Опять обвивается вокруг меня, змеиная душа, думает Мигель. Опять втирается в мой слух этот вкрадчивый голос... Нет, падре! На сей раз - нет. Голос Грегорио звучит во мне стократ громче вашего. Все во мне восстает против вас и - прости мне, боже, - против матери, против ее обещания, определяющего мою судьбу. Я ведь тоже имею право сказать здесь свое слово?!
Мигель поднялся:
- Я не забываю бога - и не забуду, падре. Однако путь свой отныне я буду определять сам. Благодарю за посещение, падре Трифон.
Трифон вышел в полуобморочном состоянии; шатаясь, сполз с лестницы. Он от меня ускользает! Из-под рук ускользает! - в отчаянии думает иезуит. - Но я не так-то легко сдамся!
* * *
Соледад, сидя в бабушкином кресле, читает вслух. Дед и бабка, полные нетерпения, стоят перед нею.
- "...не знаете, как это грустно - бродить одному днем и ночью, и со всех сторон - обыденность, посредственность... Как тяжко носить пустое сердце... Сколько отчаяния в душе, знавшей лишь тьму и печаль..."
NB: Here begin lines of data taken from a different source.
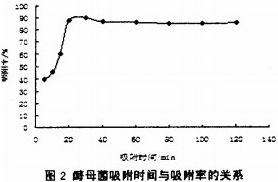 2.吸附時間對酵母菌吸附金屬鉻離子的影響
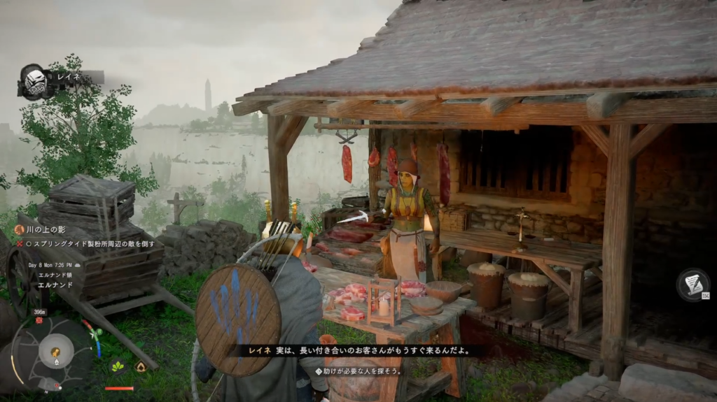 - 店先にいるNPC「レイネ」に直接話しかけてクエストを受注する。
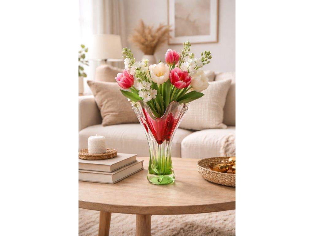 Nádherná váza z hutního skla v krásné barevné kombinaci. Autor návrhu Josef Hospodka, sklárna Chřibská, 60. léta 20. století. Výška 28 cm. Top stav.
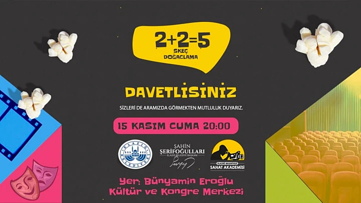 Geçtiğimiz dönemlerde sahne alan ve büyük beğeni toplayan “2+2=5” isimli skeç, kısa film ve doğaçlama, 15 Kasım Cuma akşamı saat 20.00'de Elazığ Belediyesi Bünyamin Eroğlu Kültür ve Kongre Merkezi'nde bir kez daha sahne alacak. Elazığ Belediyesi Kültür ve Sosyal İşler Müdürlüğü bünyesindeki çalışmalar doğrultusunda Sanat Akademisi'nin düzenleyeceği gösteri, ücretsiz olacak. Ayrıca, gösteri her ay periyodik olarak ücretsiz olarak sanatseverlerle buluşmaya devam edecek.

- Да, печаль и тьма - таково состояние человека, пока в нем не проснется любовь, - кивает дон Хайме.
Соледад сложила на коленях руки с письмом и, глядя в потолок, продолжает по памяти:
- "...и вот чудо: в темноте мне явился свет... утренняя звезда дня моего, луна моих ночей... То явились вы, донья Соледад..."
Старушка растроганна, дон Хайме поражен:
- Он знает ее имя!
- Не перебивай, дорогой, - просит донья Амелия.
- "Я жду ваших слов. Пусть единое слово, - наизусть говорит Соледад, слово о том, что вы согласны позволить мне взглянуть на ваше лицо вблизи, склониться перед вашей красотой. Ваш Мигель, граф Маньяра".
- Покажи мне письмо, Соледад, - взволнованно просит маркиз, протягивая дрожащую руку.
И правда! Подписано полным именем: Мигель де Маньяра Вичентелло-и-Лека.
- Что же, Соледад? Что ты ему ответишь? - спрашивает бабушка.
- Ах, он мне нравится, нравится! - И Соледад прячет лицо в ладони.
Старички с улыбкой переглянулись.
- В сущности, богатство не важно, - рассуждает вслух дон Хайме. - Мы небогаты - и разве от этого меньше стоим? Но я не говорю, что золото Маньяра - помеха нам. Наш скудный котел зазвучал бы полнотою, и запах от него пошел бы аппетитнее. Наш род заблистал бы новым блеском - и я, тесть Маньяры, шел бы в процессиях вслед за архиепископом и герцогом Мендоса, рядом с графом Сандрисом, ах, впрочем, нет. Это лишь внешняя сторона дела. Мне стыдно за мое неразумие... Честь и добродетель - вот драгоценность, с какой не сравнится никакое богатство. Твоя добродетель и красота, Соледад, уравняют любое неравенство меж нашими семьями.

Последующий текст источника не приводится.